File Discovery
A scan is the process of indexing your filesystem to detect new media files and file changes/updates. Scans are essential for keeping your media libraries up-to-date in Stump. The scanner is a queueable process which will perform these scans for you.
Scans can be isolated to either the library level or the series level. There are no real differences between the two, except that a library scan will scan all series in the library, while a series scan will only scan the selected series.
How does it work?
When you start a scan, Stump will walk your filesystem to detect any new, updated, or otherwise changed series and media. It will then insert these changes into the database, which will make them available to you in the UI.
A high-level overview of the scan process is as follows:
Preliminary checks
Does the library exist on disk? If not, the scan will fail and adjust the library status accordingly.
Build the main task queue
Stump will recursively traverse the filesystem (from the library root) to detect:
- New and valid series
- Missing series
Both are handled immediately and in chunks. Any series which are not missing, including those which were created in the last sub-step, will be added to the main task queue as a WalkSeries
task.
Walk series
This task doesn’t do much itself aside from discovery operations. Stump will recursively traverse the filesystem (from the series root) to detect:
- New and valid media
- Updated media (based on last modified time on disk)
- Missing media
These discoveries are then queued separately to be handled in an isolated manner - they are added to the front of the main task queue.
This growing queue might seem like a problem, but it is actually a feature. In order to keep the scan process as efficient as possible, Stump will not compute all required tasks at the start. As libraries grow in size, this can be a significant performance improvement.
Handle media tasks
Stump will handle the media tasks in the queue, which includes:
- Adding new media to the database
- Updating media in the database
- Mark missing media in the database
All of which are done in chunks, to both provide speedup and to avoid resource exhaustion.

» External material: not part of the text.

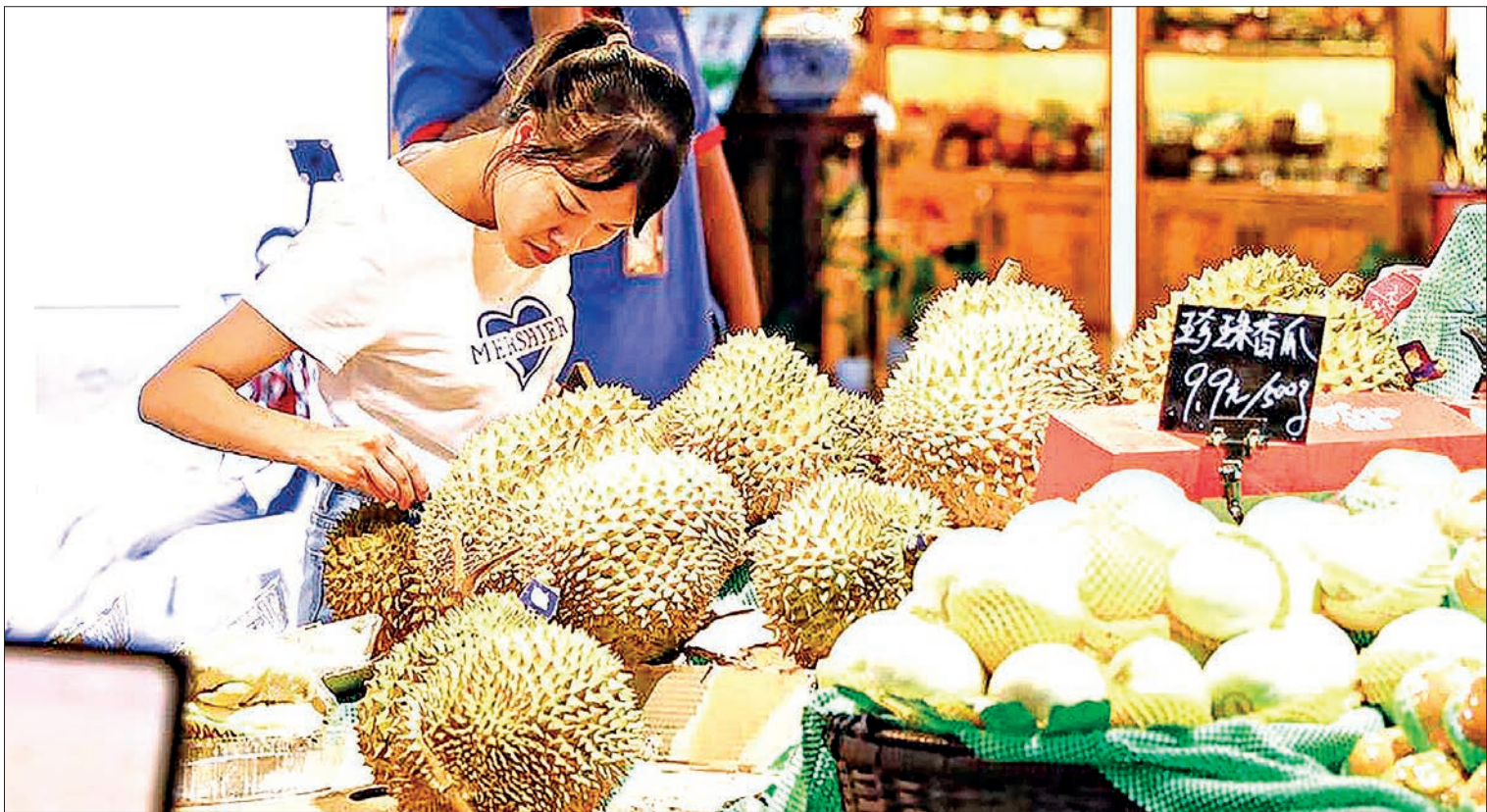
A woman chooses durians imported from Thailand at a supermarket in Nanning, south China's Guangxi Zhuang Autonomous Region, 7 September 2023.

TRADE between China and ASEAN has seen robust growth in the first eight months of the year, boosted by deepened cooperation in the agricultural and manufacturing sectors, data from the General Administration of Customs (GAC) showed on Tuesday.

The chunk size is planned to be configurable in the future.
New media
Stump will take a chunk of paths and process/build their DB representations in parallel.
Once all paths in the chunk have been processed, they are inserted into the database one by one. This decision was made to avoid situations where one bad file would kill the entire batch of inserts. However, it is trivial to change this behavior in the future if needed.
Updated media
The process for updated media is exactly the same, except that stump diffs the newly built media representation with what already exists. The result of this diff is then used to update the database.
Missing media
Stump issues a single UPDATE
query for the entire set of missing media. This is generally safe since there is just one text column to update.
Cleanup
Stump will perform some cleanup operations, such as:
- Inserting any runtime logs (errors, warnings, etc) into the database
- Updating the library’s last scan time TODO: This is not yet implemented
Optional Processing
You are able to enable or disable certain processing options in the scanner
Metadata
When the Process metadata
option is enabled, Stump will attempt to extract metadata from your media files. For example, ComicInfo.xml
or OPF
files in comic books and ebooks, respectively. This metadata is then stored in the database and can be used to search, filter, and categorize your media.
See the metadata guide for more information.
File Hashing
There are two different hashing options available in Stump. They serve different purposes and may be enabled or disabled independently:
- A generic hash used for file deduplication. This is useful for being able to identify duplicates and prevent clutter in your library.
- A KoReader-compatible hash, used exclusively for KoReader compatibility. See the KoReader integration guide for more information.
If you don’t care about either of these features, you can disable hashing entirely to save on processing time.
File Conversion
Stump supports converting RAR files to ZIP. You can enable this by checking the Convert RAR to ZIP
option. The important thing to note that unless you also enable the Delete RAR after conversion
option, the RAR files will remain on disk after conversion.
Ignore Rules
If you have files that you don’t want Stump to scan, you can define a glob pattern which will be used to filter out any candidate files which match the pattern.
Stump no longer supports .stumpignore
files. Instead, ignore rules can be set during library creation or in the Scanning
section of the library settings. There is no limit to the number of ignore rules you can set, so long as each is a valid glob.
Please note that in some scenarios, updating the ignore rules may not take the desired effect. For example, if you have a file which is already in the database but add an ignore rule for it, the file will not be removed. This is planned to be addressed in the future.
Scheduling scans
You can configure the scheduler to run scans at a specific interval. This is useful for keeping your media libraries up-to-date without having to manually run scans.
To configure the scheduler, navigate to /settings/jobs
, scroll to the Job Scheduling
section towards the top of the page, fill out your desired interval (in seconds), and click the Save scheduler changes
button.
For convenience, there are a few preset options you may select from the dropdown menu. These are:
- Every 6 hours (21600 seconds)
- Every 12 hours (43200 seconds)
- Every 24 hours (86400 seconds)
- Once a week (604800 seconds)
- Once a month (2592000 seconds)
In the future, this section of the UI will change to include scheduling options for more than just scans. However, for now, it is only for scans.